C. Conformational Deviations. For completeness, the MD with the protein unconstrained with membrane was used in order to look for large structural RBP deviations far from the starting point or real structure for evaluating its influence on spectral absorption. At the end of this simulation, it was found significant conformational deviations in the retinal binding sites from bWT (Figure 3a) and hM207R (Figure 3b), explained previously. The calculations of the UV-Visible spectra using MRCI on structures (snapshots) picked from this classical MD and subsequently optimized with the combined QM/MM approach were: bWT [2.48 eV±0.05 (500 nm±9.29)], hWT [2.57 eV±0.07 (483 nm±13.08)], hM207R [2.45 eV±0.03 (507 nm±5.86)], hS186W [3.75 eV±0.32 (332 nm±30.35)], the SD showed a high variability in the results due to features of this MD giving systems more distant from the proper structures. Only, hS186W mutant had a significant blue-shift with regard to WTs, [CI (51.98 250.02), p<0.05] for the comparison between hWT and hS186W (Chart 5d, average). This kept behavior responds to a lasting structural change, not conformational only, caused by the S186W mutation leading to a missing counterion and an unprotonated SBL; the previous mechanism remains even after this simulation for obtaining conformations far from the reality, which were not found in other structures of this work, including those from the QM/MM MD. On the other hand, this theoretical experiment reveals the strong influence of the electronic polarization (working with the repulsive electrostatic influence from counterion) due to the guanidino group from Arg207 in hM207R mutant leading to a more localized HOMO on the β-ionone ring, an increased dipole-moment of the 11-cis retinal (Table 4, a decreased QM-region µ) and a stronger BLA (Table 3, Chart 4) resulting in a more increased intake of S1 energy (Table 5, Charts 5a, 5b and 5c) in regard to WT structures since when the conformational deviation (Figure 3b) leads to the guanidino group far from ionone ring region, the blue-shift caused by the mutation disappears (Chart 5d).
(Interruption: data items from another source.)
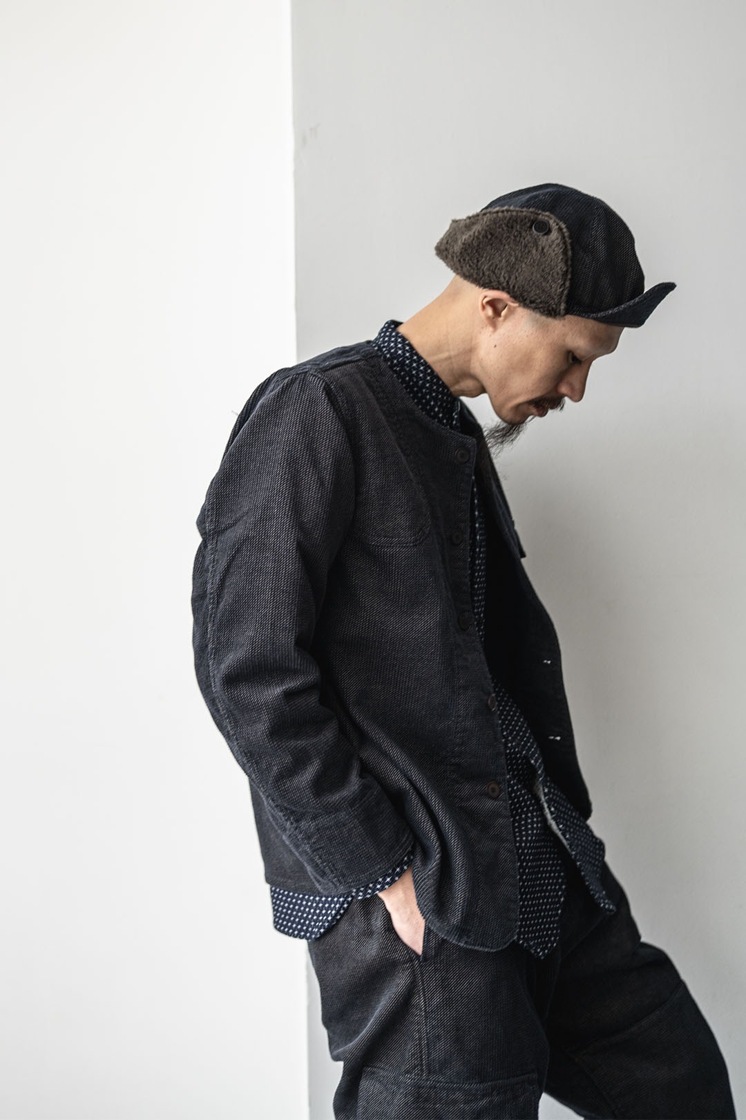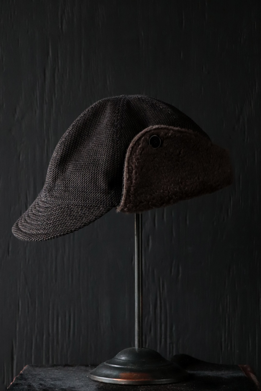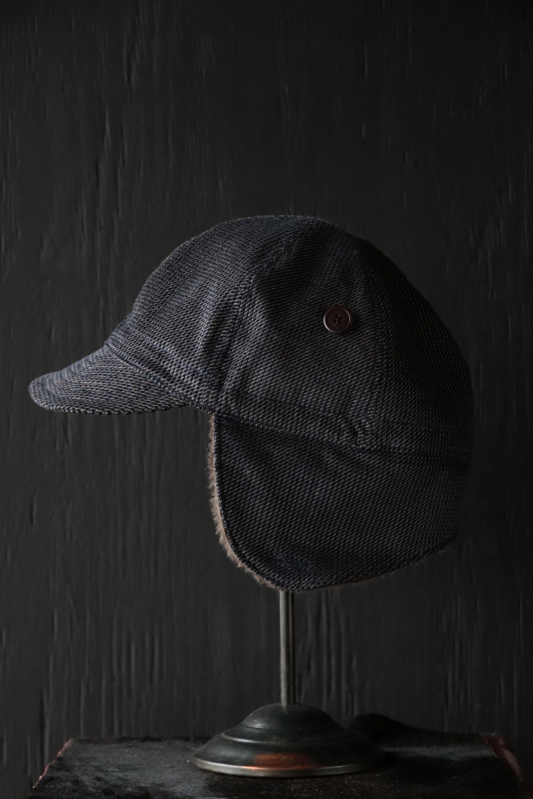 最大の特徴は、贅沢にベビーアルパカのボアを使用したイヤーマフ型の耳当て。跳ね上げた状態はボタン留めとし、収まりが良いシルエットにて着用が可能です。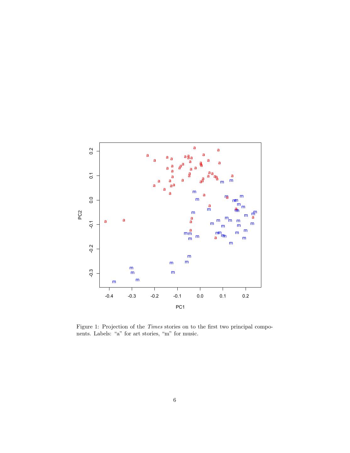 6 . a a 0.2 a a a aa a aa a a a a a aa a a a a a a a a a aa 0.1 a a a aa a a a a a a aa m m a aa a a m a m m m a 0.0 mm a m m am m m m m PC2 m m a a a m a a m m m -0.1 m m m m a m m mm mm m m a mm m m -0.2 m m m m -0.3 m m m m -0.4 -0.3 -0.2 -0.1 0.0 0.1 0.2 PC1 Figure 1: Projection of the Times stories on to the first two principal compo- nents. Labels: “a” for art stories, “m” for music. 6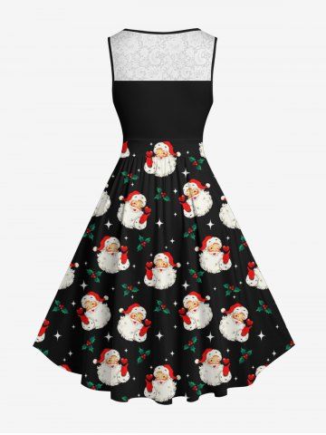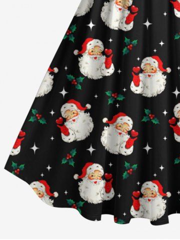 Plus Size Christmas Santa Claus Holly Fruit Heart Print 1950s Vintage Dress - Black - L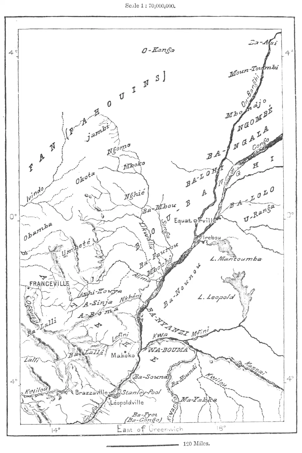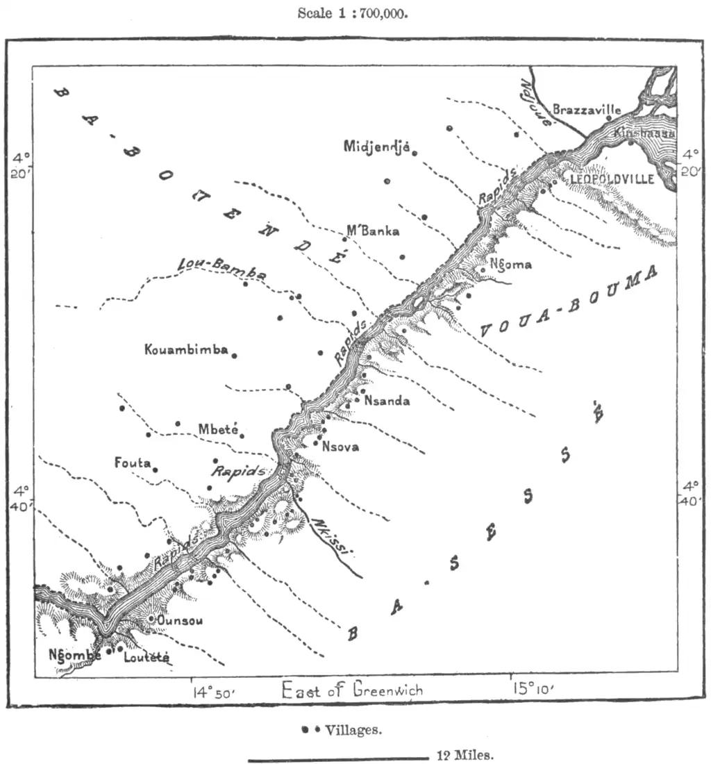 The stations of Nyombe, Lukolela, and Bolobo, on the left bank of the Congo above Kwamouth, although abandoned by the Congo Government, are still frequented trading places. Bolobo, with its suburb of Moye, is a large town of from five thousand to ten thousand inhabitants, and is succeeded 30 miles higher up by Tchumbiri, also a populous place. Here the dominant riverain people are the Ba-Yanzi (Ba-Nyanzi), akin to the Bu-Banghi on the opposite side of the Congo. Although a treacherous, insolent race, addicted to orgies and human sacrifices, they show great ingenuity and artistic taste in the decoration of their

In addition, it was found, an irrelevant role of Glu181 residue on the absorption spectra, in agreement with a recent study (53), considering the large conformational deviation observed in different structures (snapshots) from the system bWT unrestricted within membrane for the sidechain of Glu181 orienting its carboxylic group toward a contrary side of the 11-cis retinal (Figure 3a) and the calculated vertical-excitation energies for this orientation, which were very similar to those for the more probable conformation of the residue (Figure 2a), (Charts 5c and 5d).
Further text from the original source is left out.